Once submitted, the `dispatch_tasks` loop picks up the job, instantiates the `Confluence` class, and streams documents from the specified space into the target knowledge base using the batch processing logic described above.

## Summary

- **Unified Abstraction**: RAGFlow’s `SyncBase` class and `func_factory` pattern allow diverse sources to share the same orchestration logic while encapsulating API-specific quirks in dedicated connectors.

- **Flexible Sync Modes**: The system supports both full re-indexing (`reindex = "1"`) and incremental polling via `poll_range_start` timestamps to minimize API calls and processing time.

- **Resilient Processing**: Connector-specific failures are logged without aborting the entire sync run, and credentials are automatically refreshed for OAuth sources like Google Drive.

- **Batch Architecture**: Documents flow through checkpoint-aware generators (`load_from_checkpoint`) in configurable batches, optimizing memory usage and throughput.

- **Centralized Logging**: Every operation is recorded in `SyncLogsService`, providing audit trails for document ingestion and failure analysis.

## Frequently Asked Questions

### How does RAGFlow handle authentication token expiration during long-running syncs?

When connectors like `GoogleDriveConnector` or Gmail refresh their OAuth tokens during execution, RAGFlow captures the new credentials from the connector’s response and immediately persists them using `ConnectorService.update_by_id`. This ensures subsequent syncs use valid tokens without requiring manual reconfiguration.

### Can RAGFlow sync only specific folders or channels rather than entire workspaces?

Yes. Connectors accept scope-limiting parameters in their configuration. For example, `BlobStorageConnector` supports a `prefix` parameter for S3 buckets, `DiscordConnector` accepts specific `channel_names`, and `ConfluenceConnector` can target individual `space` values or `page_id` entries rather than full wiki instances.

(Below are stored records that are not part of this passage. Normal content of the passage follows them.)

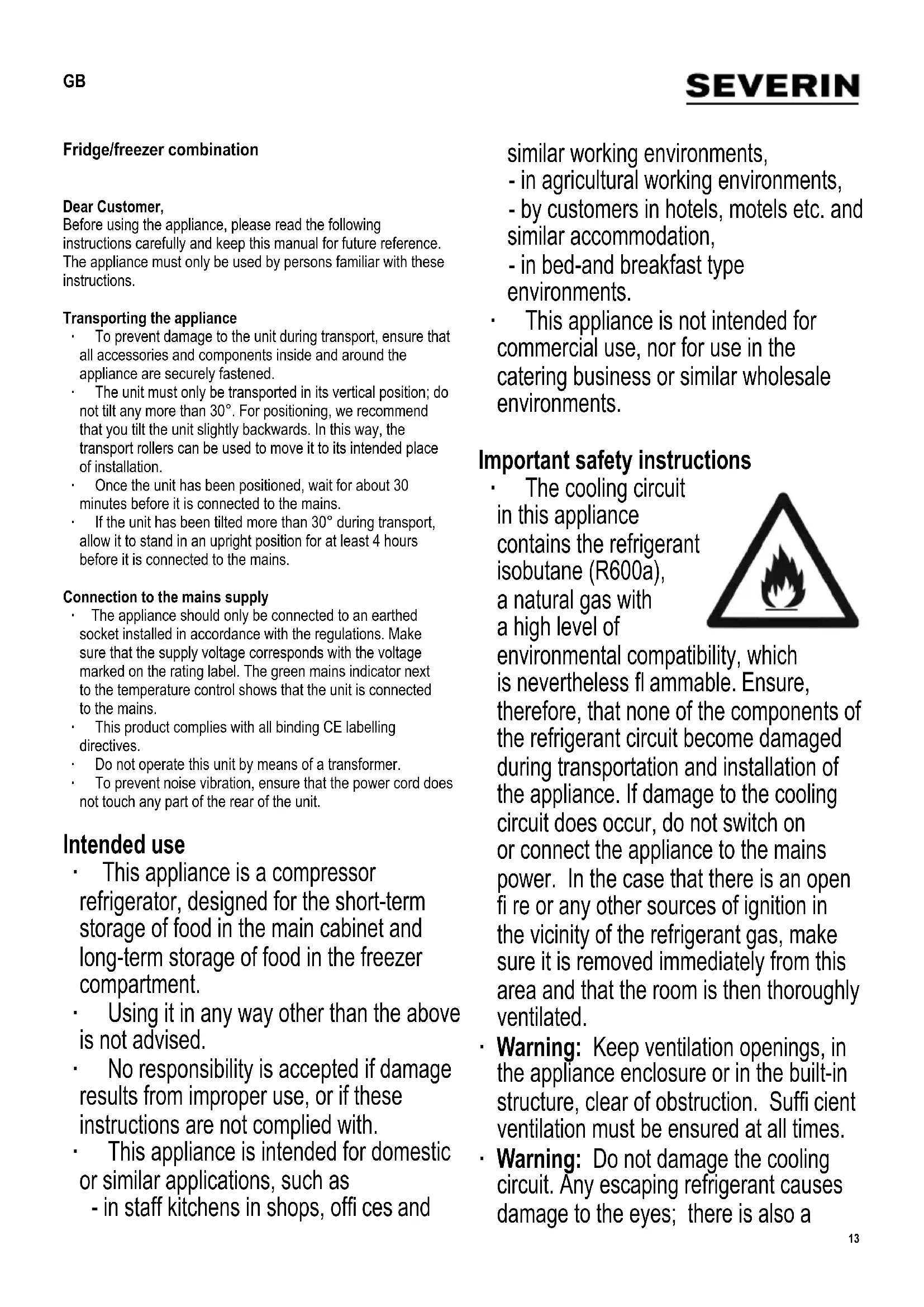 - Gemäß Verordnung (EU) Nr. 1060/2010 Anhang III ** Der tatsächliche Verbrauch hängt von der Nutzung und vom Standort des Gerätes ab13 Fridge/freezer combination Dear Customer, Before using the appliance, please read the following instructions carefully and keep this manual for future reference. The appliance must only be used by persons familiar with these instructions. Transporting the appliance ∙ To prevent damage to the unit during transport, ensure that all accessories and components inside and around the appliance are securely fastened. ∙ The unit must only be transported in its vertical position; do not tilt any more than 30°. For positioning, we recommend that you tilt the unit slightly backwards. In this way, the transport rollers can be used to move it to its intended place of installation. ∙ Once the unit has been positioned, wait for about 30 minutes before it is connected to the mains. ∙ If the unit has been tilted more than 30° during transport, allow it to stand in an upright position for at least 4 hours before it is connected to the mains. Connection to the mains supply ∙ The appliance should only be connected to an earthed socket installed in accordance with the regulations. Make sure that the supply voltage corresponds with the voltage marked on the rating label. The green mains indicator next to the temperature control shows that the unit is connected to the mains. ∙ This product complies with all binding CE labelling directives. ∙ Do not operate this unit by means of a transformer. ∙ To prevent noise vibration, ensure that the power cord does not touch any part of the rear of the unit. Intended use ∙ This appliance is a compressor refrigerator, designed for the short-term storage of food in the main cabinet and long-term storage of food in the freezer compartment. ∙ Using it in any way other than the above is not advised. ∙ No responsibility is accepted if damage results from improper use, or if these instructions are not complied with. ∙ This appliance is intended for domestic or similar applications, such as - in staff kitchens in shops, offi ces and similar working environments, - in agricultural working environments, - by customers in hotels, motels etc. and similar accommodation, - in bed-and breakfast type environments. ∙ This appliance is not intended for commercial use, nor for use in the catering business or similar wholesale environments. Important safety instructions ∙ The cooling circuit in this appliance contains the refrigerant isobutane (R600a), a natural gas with a high level of environmental compatibility, which is nevertheless fl ammable. Ensure, therefore, that none of the components of the refrigerant circuit become damaged during transportation and installation of the appliance. If damage to the cooling circuit does occur, do not switch on or connect the appliance to the mains power. In the case that there is an open fi re or any other sources of ignition in the vicinity of the refrigerant gas, make sure it is removed immediately from this area and that the room is then thoroughly ventilated. ∙ Warning: Keep ventilation openings, in the appliance enclosure or in the built-in structure, clear of obstruction. Suffi cient ventilation must be ensured at all times. ∙ Warning: Do not damage the cooling circuit. Any escaping refrigerant causes damage to the eyes; there is also a GB14 danger of the gas igniting. ∙ Warning: Do n ot use any external device (e.g. heaters or heating fans) to accelerate de-frosting; follow only the methods recommended in this manual. ∙ Warning: Do not operate any electrical appliances (e.g. ice makers) inside the storage compartment that are not specifi cally permitted in these instructions. ∙ Before it is connected to the mains power, the unit must be thoroughly checked for transport damage, including its power cord. In the event of any such damage being found, the appliance must not be connected to the mains. ∙ This appliance is not designed for the storage of explosive substances such as aerosol cans with a fl ammable propellant. ∙ If the unit is sold, handed over to a third party or disposed of at a suitable recycling facility, attention must be drawn to the presence of the insulation agent ‘cyclopenthane’ as well as to the refrigerant R600a. For additional information on correct recycling please refer to the Disposal section. ∙ In order to comply with safety regulations and to avoid hazards, any repairs or modifi cations to this unit must be carried out by our authorised service personnel, including the replacement of the power cord. ∙ This appliance may be used by children (at least 8 years of age) and by persons with reduced physical, sensory or mental capabilities, or lacking experience and knowledge, provided they have been given supervision or instruction concerning the use of the appliance and fully understand all dangers and safety precautions involved. ∙ Children must not be permitted to play with the appliance. ∙ Children must not be permitted to carry out any cleaning or maintenance work on the appliance. ∙ For frequent cleaning we recommend the use of warm water with some mild detergent. For detailed information on cleaning the appliance, please refer to the section De-frosting and cleaning. ∙ Caution: Do not remove the cover of the interior LED light. If there should be any malfunction, please contact the customer service for assistance (see appendix). ∙ To prevent the risk of personal injury or damage to the unit, it must only be transported while in its original packaging. Two people are required for unpacking and installation. ∙ Caution: Keep any packaging materials well away from children: there is a risk of suffocation. ∙ The ice removed from the unit during de-frosting or cleaning is not suitable for human consumption. ∙ The power cord should be regularly examined for any signs of damage. In the event of such damage being found, th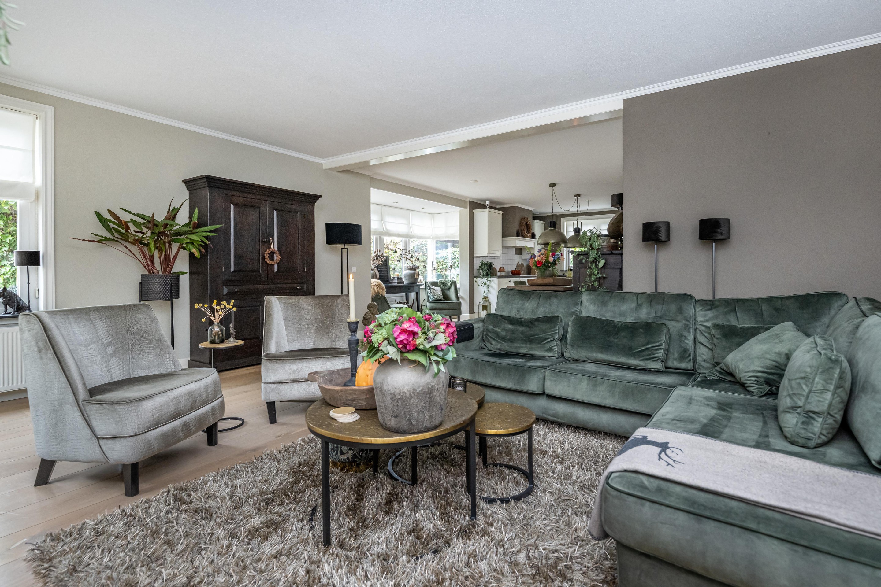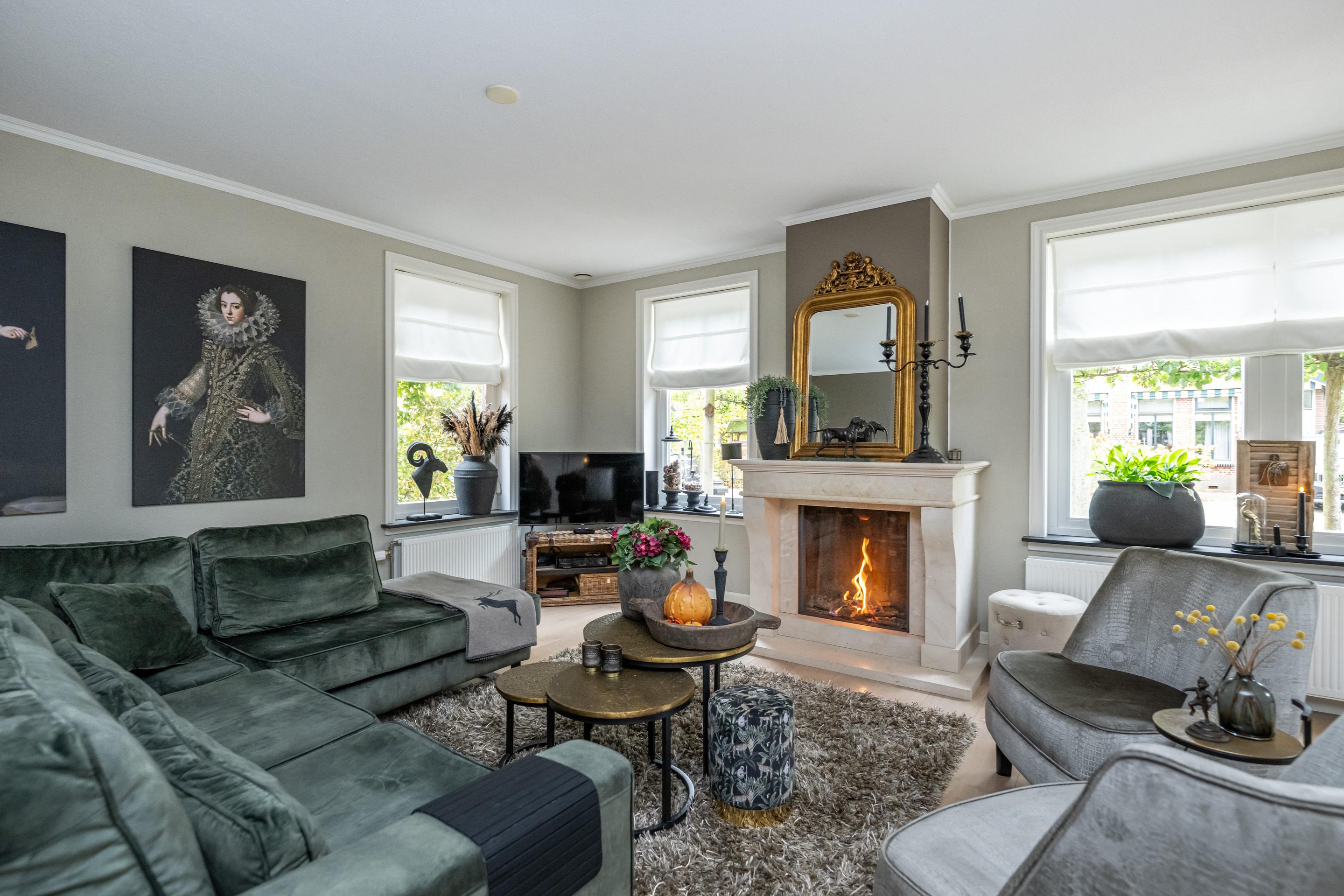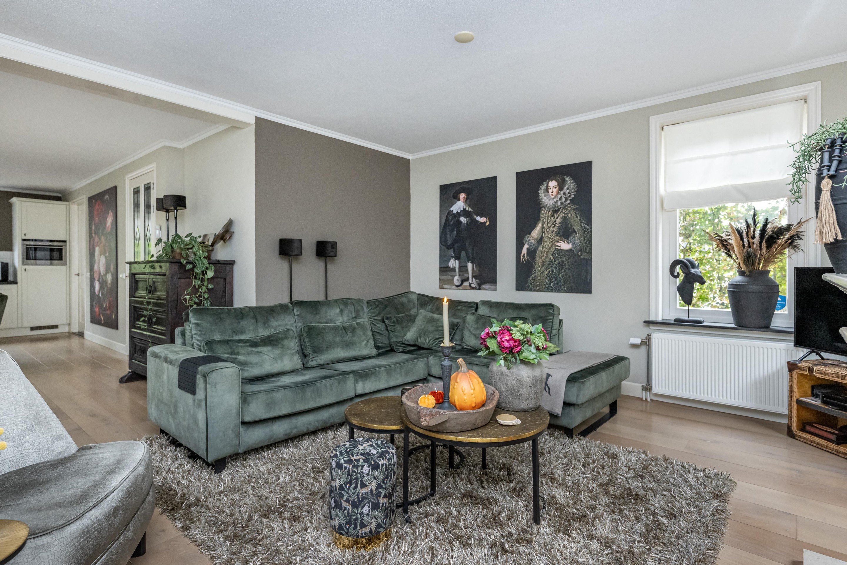 Bij binnenkomst ervaart u de lichte, open sfeer van de woning. De woonkamer is royaal opgezet, met een sfeervolle gashaard als middelpunt. De karakteristieke erker zorgt voor extra lichtinval en biedt een charmant uitzicht. Via de openslaande deuren bereikt u de tuin, waar binnen en buiten naadloos in elkaar overgaan.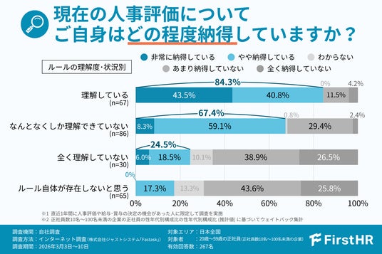 「非常に納得している」と「やや納得している」を合わせた肯定的な回答は、自社の評価基準を「理解している」層で84.3%に達しました。一方で、「なんとなくしか理解できていない」層では67.4%となり、ルールの理解度が不十分になることで納得度も低下する結果となっています。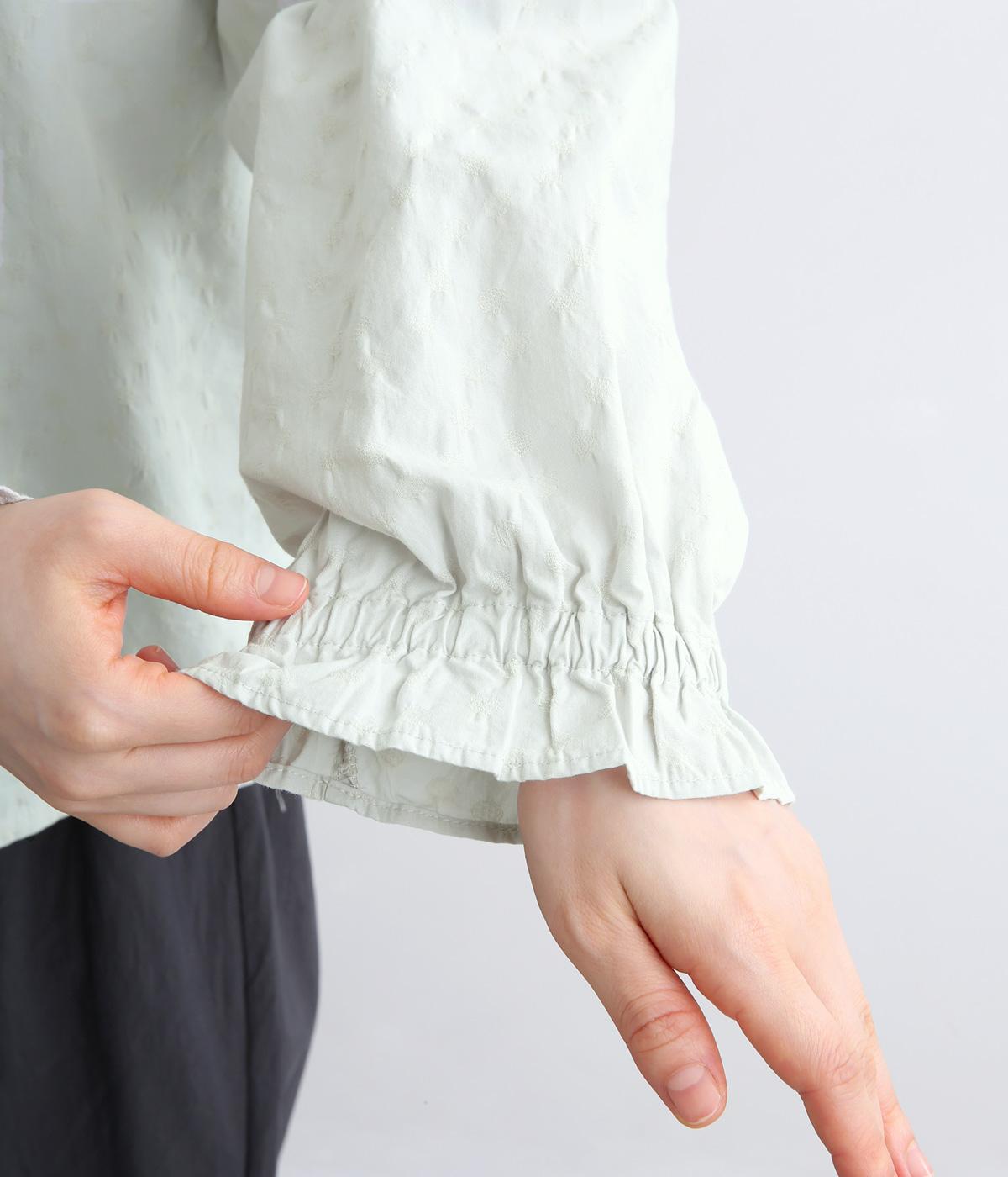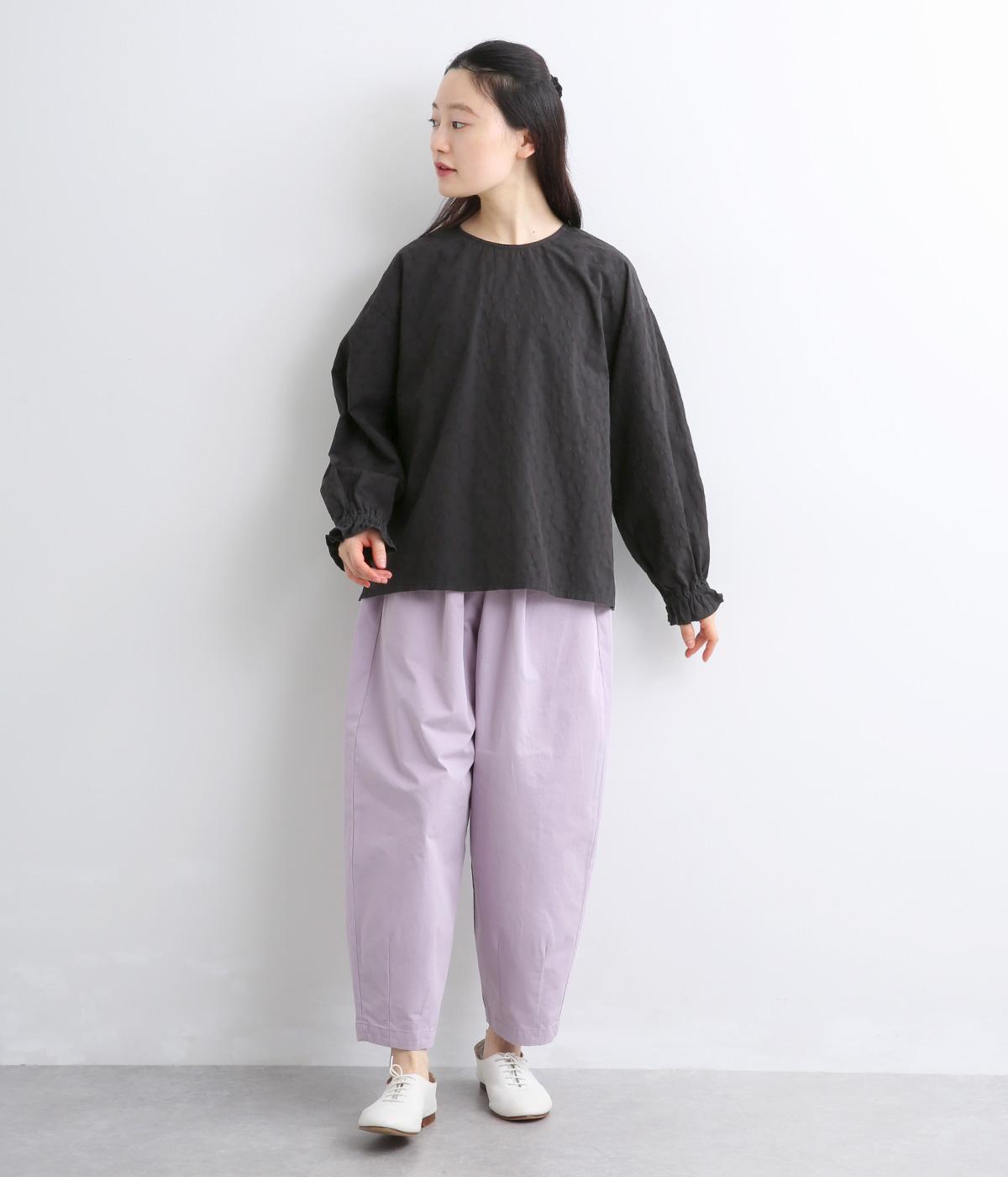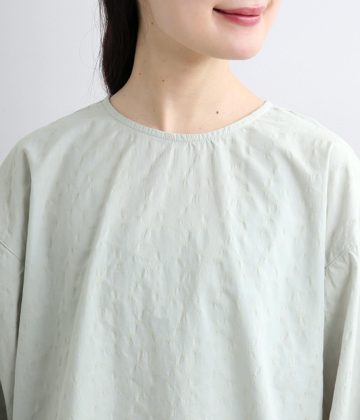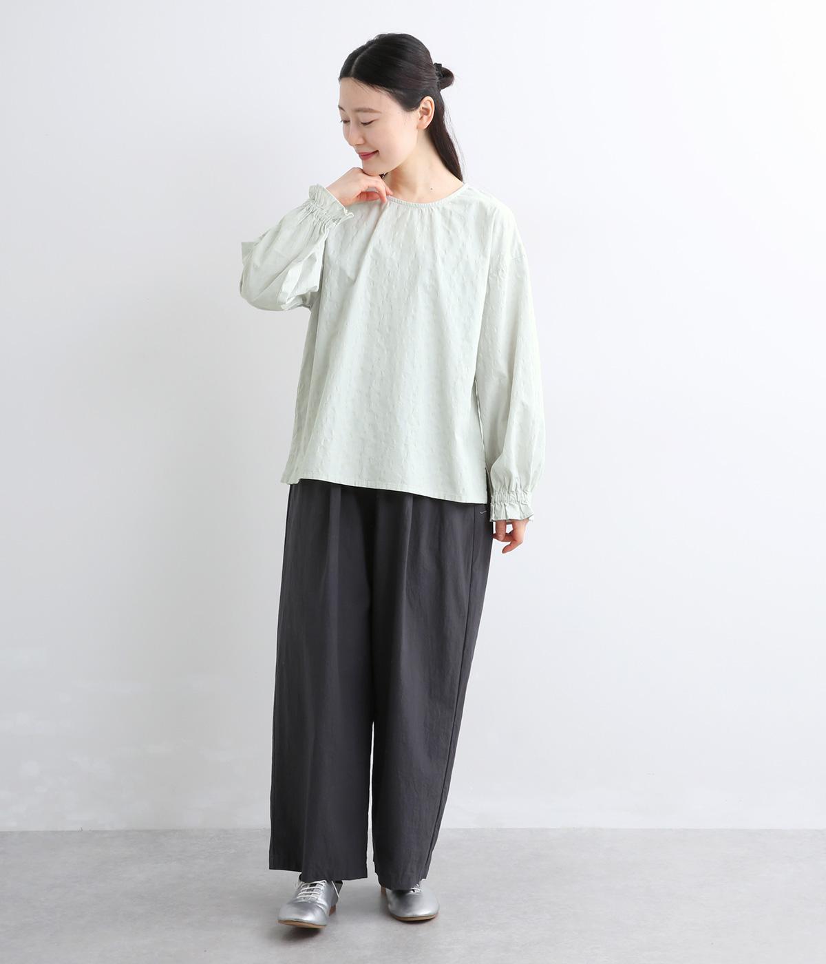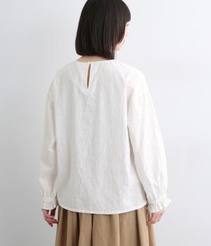 無地感覚で着こなしやすく、さり気なく表情をつけてくれるドットジャカードが印象のいい一枚。適度にゆとりを持たせたボックス型は、サイドスリット入りでボトム合わせもすっきり見え。袖口フリルが可愛らしく、ゴム入りでたくし上げも◎。
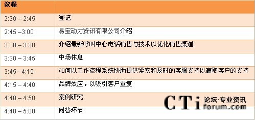 易寶動力資訊有限公司誠摯邀請您出席2010年1月22日舉行的研討會,在此將展示易寶的偉思聯(lián)絡(luò)中心CRM解決方案結(jié)合全面化工作流程和服務(wù)臺功能,如何有助您擴(kuò)大銷售渠道,贏取客戶支持,微調(diào)市場預(yù)測及提升品牌以吸引忠誠客戶的支持。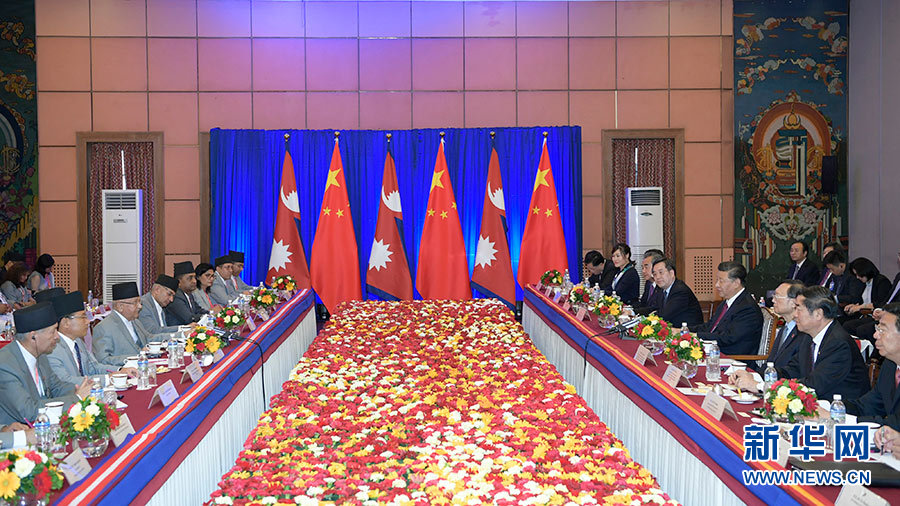 10月13日,國家主席習(xí)近平在加德滿都同尼泊爾總理奧利會談。 新華社記者 李學(xué)仁 攝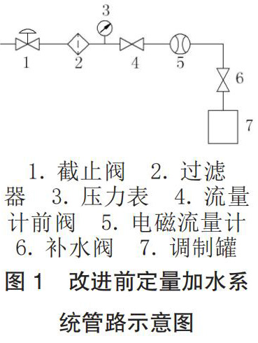 工廠的香料廚房系統為國內煙機公司 2004 年設計制造,其定量加水系統主要由水源、JKM-LDE電磁流量計、加水管路元件和控制程序這四部分組成,改進前管路示意圖如圖 1 所示。

### What happens if a document fails to process during synchronization?

The sync engine catches `ConnectorFailure` objects returned by the source connector and logs them via `SyncLogsService` without stopping the batch. The failure is recorded with context (document ID, error type), allowing administrators to review skipped items while the remaining documents complete ingestion.

### How does RAGFlow determine which documents to sync in incremental mode?

The system stores the last successful sync timestamp in `poll_range_start`. On the next run, this value is passed to the connector’s `load_from_checkpoint` method, which queries the source API for content modified after that time. If `reindex` is set to `"1"`, this timestamp is ignored and the connector fetches all available documents from the beginning of the dataset.